Früher war's ein Bauernhof, der Hof Bünnert, eine nicht mehr genutzte Immobilie, nach der der Gocher Ulrich Janssen lange gesucht hatte. Vorher war er mit dem damals noch selbstständigen Unternehmen Agroplan in Nierswalde zu Hause, doch das dortige Gebäude konnte mit der Entwicklung nicht Schritt halten. Insbesondere, seit Agroplan zur Gruppe Chem Agrar gehört, die ihren Hauptsitz im Raum Leipzig hat. Das Unternehmen ist unabhängiger Dienstleister im Bereich der Zulassung, Registrierung und Prüfung von Pflanzenschutzmitteln. Auf Feldern in der Umgebung, zum Großteil von Landwirten gepachtet, werden Versuchsreihen durchgeführt, die Aufschluss darüber geben sollen, wie sich das eingesetzte Mittel gegenüber der Kultur verhält, was es mit dem Boden, der Luft oder vielleicht sogar mit dem Grundwasser macht. "Wir testen sowohl neue, noch nicht zugelassene Stoffe, als auch alte, die weiter eingesetzt werden sollen", sagt der technische Koordinator Dr. Karl-Wilhelm Maßmann. Die Labortests werden nicht am Niederrhein, sondern an anderen Standorten des Unternehmens gemacht. Kunden sind die Hersteller von Pflanzenschutzmitteln, Aufträge gibt's aber auch von Behörden oder Kammern. Die Politik in Land und Bund gibt dazu die Regeln vor.

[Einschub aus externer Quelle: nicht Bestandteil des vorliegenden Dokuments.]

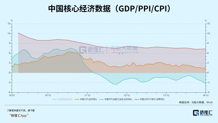 期间,制造业PMI同样大幅波动。比如2011年11月至2012年4月,制造业PMI从49%持续攀升至53.3%,而后至当年8月,则又大幅下滑至49.2%。再看PPI,2012年2月至2014年底,PPI均为负值,CPI也震荡走低,到2014年已经下滑至1.5%。
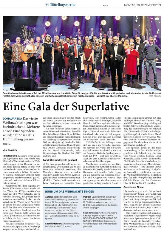 Insgesamt sind beim Regensburger Weihnachtssingen 75.000€ zusammengekommen. Wir bedanken uns bei allen Freunden, Spendern und Unterstützern - vor allem beim Armin Wolf Laufteam. Die 75.000€ gehen an das Projekt „Haus Hummelberg“ der Katholischen Jugendfürsorge der Diözese Regensburg.
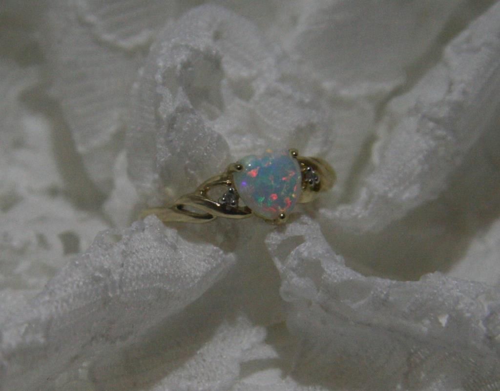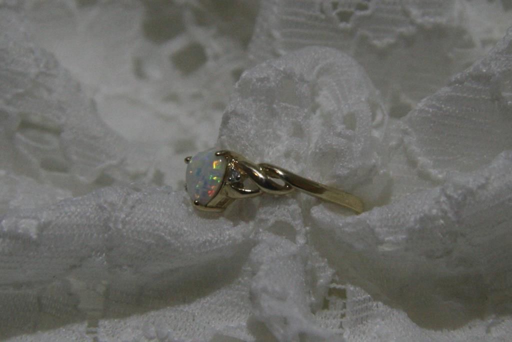 Ladies 10k Fire Opal & Diamond Ring 2.0 Grms

Die getesteten Chemikalien in ihrer Wirksamkeit und Vertretbarkeit zu bewerten ist nicht Sache von Agroplan. "Wir liefern Daten, die gemeinsam mit den Erkenntnissen anderer Labore in die Entscheidung für oder gegen die Zulassung einfließen", erklärt Maßmann. Wenn es zum Beispiel um Glyphosat geht und andere Mittel, die inzwischen in Verruf geraten sind, sind die Uedemer Fachleute "nur" diejenigen, die ihre Testergebnisse weiterleiten - ohne Interpretation, hingegen schon mal mit einem Kommentar versehen. "Wenn in diesem Jahr zum Beispiel die Krautfäule stark ist, müssen die Behörden schon wissen, dass wir es hier mit wochenlangem Starkregen zu tun hatten", so der Fachmann.

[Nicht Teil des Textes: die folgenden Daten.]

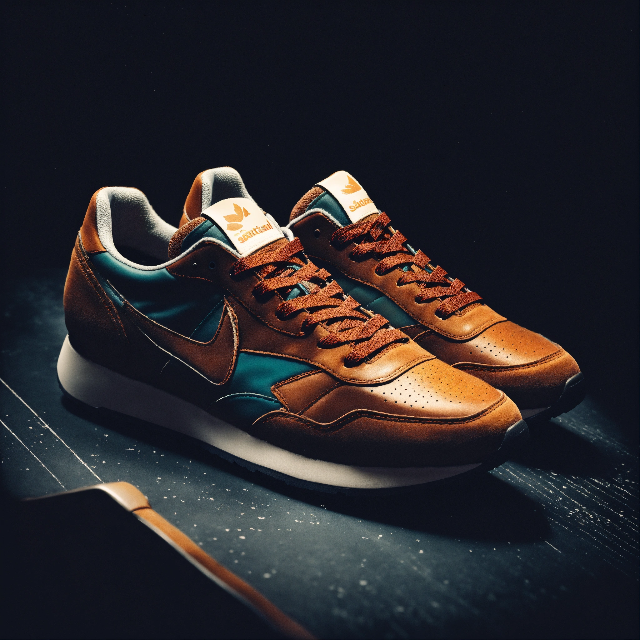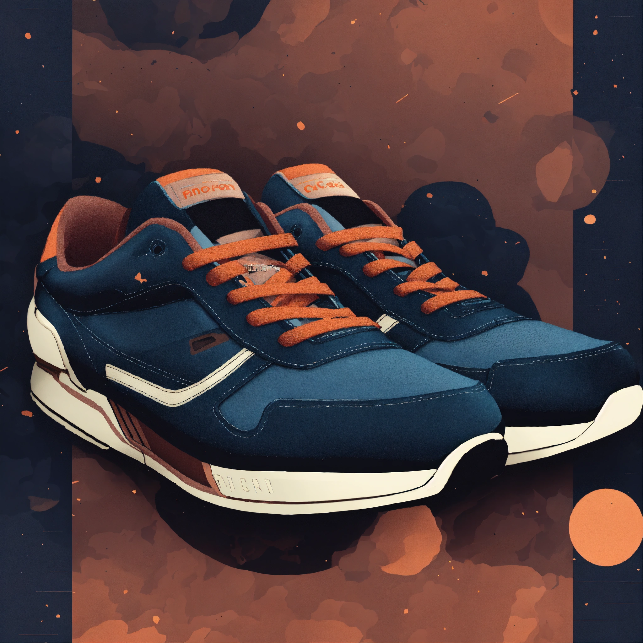 Running sneakers on a dark background, 2d vector illustration, poster, paper texture, grain, analog photo, polaroid, wide-angle, 8k, film grain
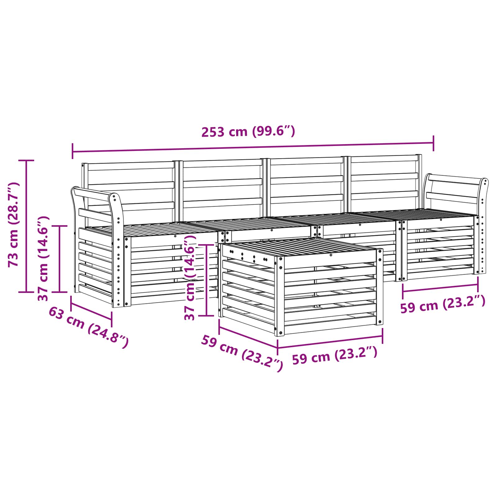 - 4 x Mittelsessel: 63 x 59 x 73 cm (LxBxH)
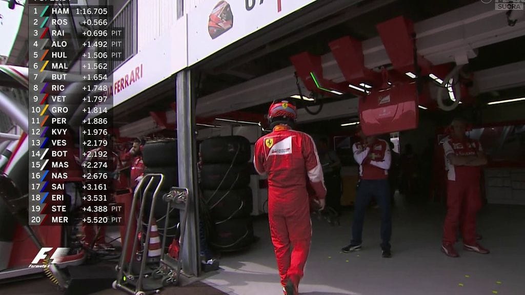 Mercedes viivytti pehmeämmän renkaan vetoaan viimeiselle kymmenminuuttiselle asti. Puoli sekuntia Vettelille hävinnyt Lewis Hamilton totesi lopussa, että huonon pidon lisäksi autossa oli jokin pielessä.

Vorwiegend in Uedem und Weeze bewirtschaften die Mitarbeiter des Unternehmens zahlreiche kleine Parzellen, auf denen pro Jahr etwa 300 Versuche (meist als Teil von europäischen Studien) durchgeführt werden. Pufferzonen separieren die Flächen von denen der übrigen Landwirtschaft. Angebaut werden Getreide, Mais, Zuckerrüben und Obst, in anderen Regionen auch Wein oder Hopfen. Selbst Bienen und Regenwürmer helfen in einigen Gegenden bei den Feld-Studien.